5. 12(3) cage at R1C7 = {129/147} (cannot be {138/156} because R2C8 only contains 2,4, cannot be {237/246/345} because 2,3,4 only in 9(3) cage), 1 locked for N3 and W2

6. 1 in C8 only in R46C8, locked for N5
6a. 10(3) cage at R4C7 = {235} (only remaining combination) -> R5C8 = 5, placed for D\ at R1C4 and D/ at R4C9, R4C7 + R6C9 = {23}, locked for N6
6b. 21(3) cage at R4C9 = {579} (only remaining combination), locked for N6 and D/ at R4C9
6c. 5 in N3 only in R2C79, locked for R2

7. 18(4) cage at R7C6 = {468} (only remaining combination), locked for N8
7a. 12(3) cage at R7C4= {345} (only remaining combination, cannot be {237} because R8C5 only contains 4,6,8, cannot be {246} because 4,6 only in R8C5) -> R8C5 = 4, R7C4 + R9C6 = {35}, locked for N8 and D\ at R4C1
7b. 4 in N7 only in R79C2, locked for C2

8. 21(3) cage at R1C4 = {489/678}, 8 locked for N2
8a. R2C5 = 8 (hidden single in C5), placed for D/ at R1C6
8b. 8 in N3 only in R13C8, locked for C8
8c. 8 in N6 only in R5C79, locked for R5

9. 21(3) cage at R4C3 = {579} (only remaining combination), locked for N4 and D/ at R1C6
9a. 15(3) cage at R1C6 = [384/483/681]
9b. Killer pair 4,6 in 15(3) cage and 21(3) cage at R1C4, locked for N2

10. 4 in N4 only in R5C13, locked for R5
10a. 4 in N6 only in R46C8, locked for C8 -> R2C8 = 2
[I ought to have seen this earlier as a hidden single in C8]
10b. 12(3) cage at R1C7 (step 5) = {129} (only remaining combination), 9 locked for N3 and W2 -> R4C9 = 7, placed for W2, R6C7 = 9, R1C7 = 1, R3C9 = 9, R9C7 = 4, R7C9 = 1, R3C7 = 3, R1C9 = 4, R4C7 = 2, R6C9 = 3, R7C7 = 5, R9C9 = 2, R6C4 = 5, R4C6 = 9, R4C3 = 5, R6C1 = 7, placed for W3, R5C2 = 9, R7C4 = 3, R9C6 = 5

11. R7C12 = [24], R9C2 = 3, placed for W3, R9C3 = 1, R8C2 = 7 (cage sum), R2C2 = 6, R1C1 = 9, R3C3 = 7

12. 15(3) cage at R1C3 = {168} (only remaining combination, cannot be {456} because 4,5 only in R3C1) -> R3C1 = 1, R1C3 = 8, R7C3 = 6, R1C8 = 6, placed for W2, R1C4 = 7, R3C6 = 6 (cage sum)
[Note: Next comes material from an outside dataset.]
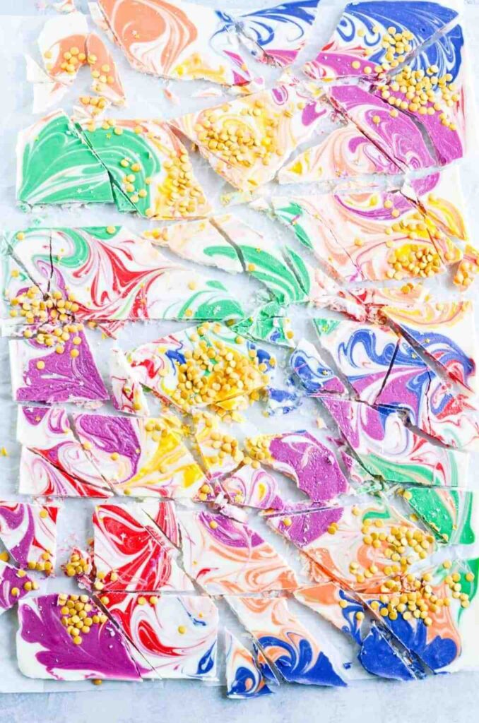 Swirl white chocolate, add colors and sprinkles, and break it into shards.

13. R4C5 = 3 (hidden single in R4), R6C5 = 6 (cage sum)

14. R2C9 = 5, placed for W2 -> R1C5 = 2

and the rest is naked singles, without using the outer circumference windows.

I’ll rate this puzzle at Easy 1.0 using elimination solving, because that’s the lowest rating I give when using elimination solving, although solving this way it felt easier than that.

As Paper Solvable possibly in the 0.75 range; I won’t go lower because some of the early placements needed fairly long series of steps.